## Exercise directions:
Could you return each line from the one bearing "針對目前呼叫中心部署過程中對" through the last line of the entries, exactly as it stands, with no pictures?

## Material supplied:
****************
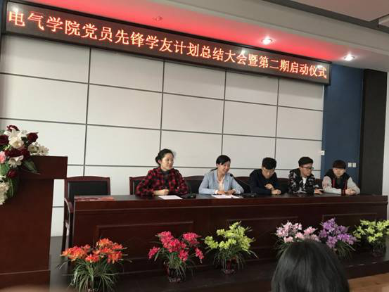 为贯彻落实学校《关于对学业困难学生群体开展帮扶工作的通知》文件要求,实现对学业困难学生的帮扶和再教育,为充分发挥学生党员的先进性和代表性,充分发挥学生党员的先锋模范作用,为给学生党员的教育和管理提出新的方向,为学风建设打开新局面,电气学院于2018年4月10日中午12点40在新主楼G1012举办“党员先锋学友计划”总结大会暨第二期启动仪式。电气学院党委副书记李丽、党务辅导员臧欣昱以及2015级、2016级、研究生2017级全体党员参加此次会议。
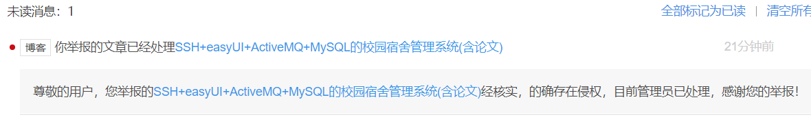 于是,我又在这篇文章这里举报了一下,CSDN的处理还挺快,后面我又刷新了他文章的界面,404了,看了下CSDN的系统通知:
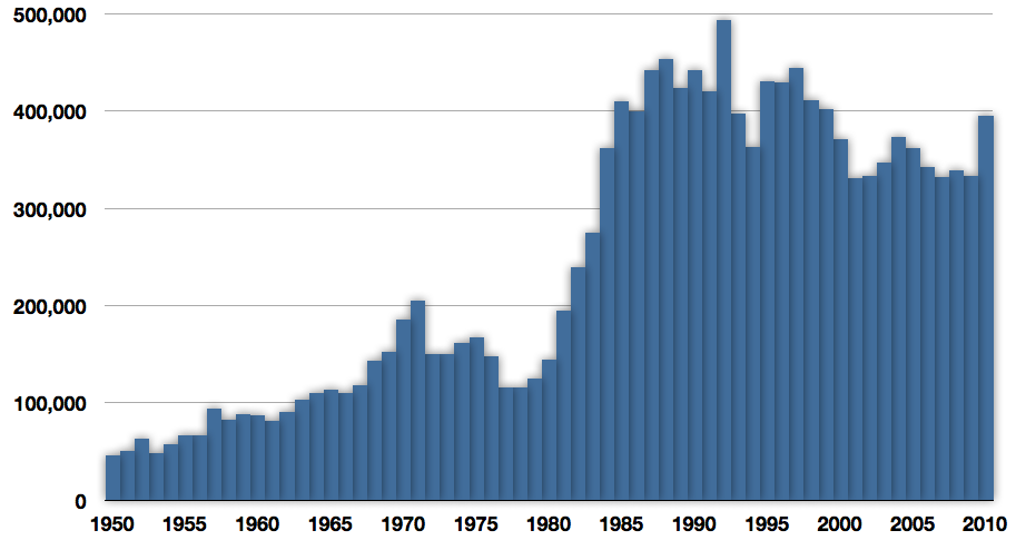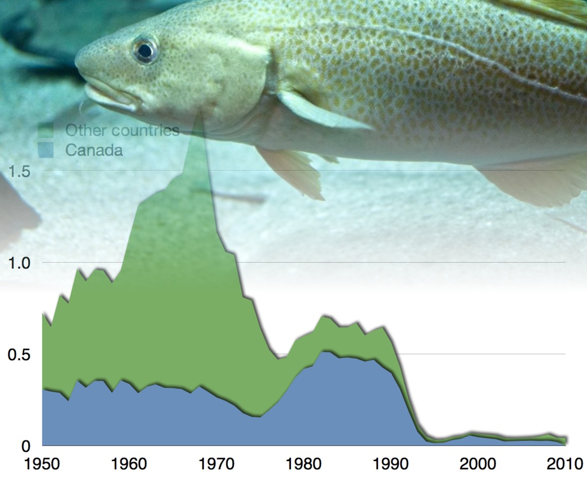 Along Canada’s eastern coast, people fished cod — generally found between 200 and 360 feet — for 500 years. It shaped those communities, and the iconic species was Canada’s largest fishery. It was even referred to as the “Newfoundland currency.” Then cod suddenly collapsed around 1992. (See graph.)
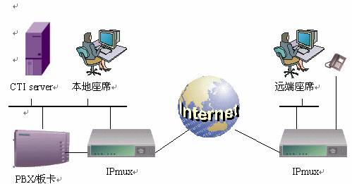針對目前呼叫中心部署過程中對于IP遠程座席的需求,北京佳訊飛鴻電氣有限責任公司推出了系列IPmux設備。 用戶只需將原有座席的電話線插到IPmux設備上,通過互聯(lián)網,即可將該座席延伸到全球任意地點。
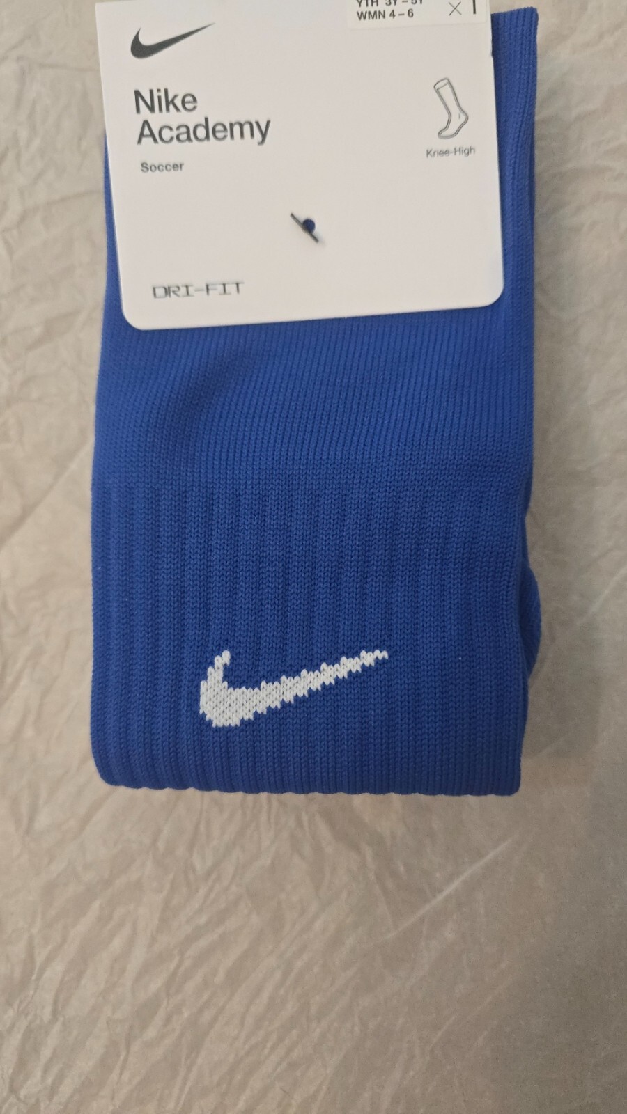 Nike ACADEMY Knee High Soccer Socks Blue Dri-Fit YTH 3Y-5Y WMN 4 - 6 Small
****************
## Task response:
針對目前呼叫中心部署過程中對于IP遠程座席的需求,北京佳訊飛鴻電氣有限責任公司推出了系列IPmux設備。 用戶只需將原有座席的電話線插到IPmux設備上,通過互聯(lián)網,即可將該座席延伸到全球任意地點。
 Nike ACADEMY Knee High Soccer Socks Blue Dri-Fit YTH 3Y-5Y WMN 4 - 6 Small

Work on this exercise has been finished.